Exercise prompt: When the line with "She has also" turns up below, begin repeating exactly, and carry on through the line with "The Dreo Radiator"; no pictures go into the copy.

Dataset section:
• • •
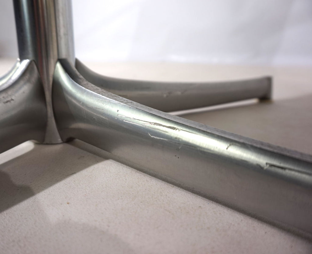검정색 가죽으로 제작된 이 아름다운 FK 711 사무용 의자는 상태가 매우 좋습니다. 스테인리스 스틸 팔걸이는 가죽으로 덮여 있어 매우 고급스러운 느낌을 줍니다. 검정색 가죽은 사용 흔적이 거의 없으며 스테인리스 스틸 프레임은 완벽한 상태입니다. 한쪽 의자의 등받이와 의자의 별 모양 다리에만 약간의 사용 흔적이 있습니다. 의자는 회전이 가능합니다. 1970년대 Fabricius와 Kastholm이 W. Knoll을 위해 디자인한 클래식하고 견고하며 최상의 상태를 유지하는 디자인입니다. Walter Knoll 제조소는 최고 품질의 가구로 유명하며 항상 당대 가장 혁신적인 디자이너들과 협력해 왔습니다.
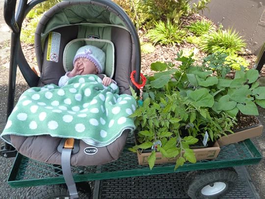 She has also accompanied me on many trips to the nursery to get the garden jump started this season. I enjoy poking through the varieties of tomatoes while she enjoys munching on her hand – a new discovery for her.
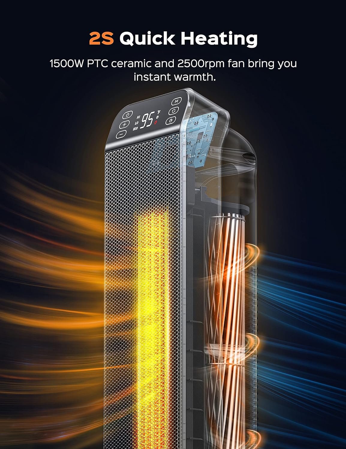 The Dreo Radiator Heater feels heat faster with spindle-shaped openings, 225 mm larger fins and Dual U-shaped heating tubes that double the heat release. The Dreo 24″ Space Heater has powerful 1500W heating that sends out hot air in 2 seconds with 2500 rpm fan for quick heat spread.
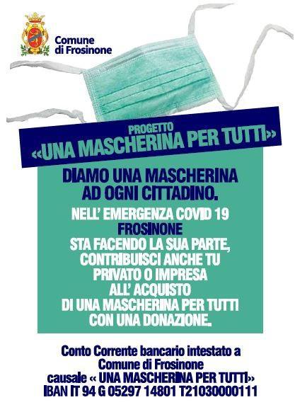 “Non finiremo mai di ringraziare quei donatori e quei privati che, in questi giorni, stano contribuendo, a seconda di quel che possono, attraverso i bonifici al contro corrente del Comune, a centrare un obiettivo, insieme agli stanziamenti finanziari del municipio, che pone al centro dell’attenzione ogni singolo cittadino con i suoi bisogni primari, come la sicurezza e la salute”. Per coloro che vorranno contribuire al progetto “Una mascherina per tutti”, sarà possibile continuare, anche nei prossimi giorni, ad effettuare eventuali versamenti e donazioni al Conto Corrente bancario intestato al Comune di Frosinone (IBAN IT 94 G 05297 14801 T21030000111), con la causale «Una Mascherina Per Tutti”.
• • •
Exercise response:
 She has also accompanied me on many trips to the nursery to get the garden jump started this season. I enjoy poking through the varieties of tomatoes while she enjoys munching on her hand – a new discovery for her.
 The Dreo Radiator Heater feels heat faster with spindle-shaped openings, 225 mm larger fins and Dual U-shaped heating tubes that double the heat release. The Dreo 24″ Space Heater has powerful 1500W heating that sends out hot air in 2 seconds with 2500 rpm fan for quick heat spread.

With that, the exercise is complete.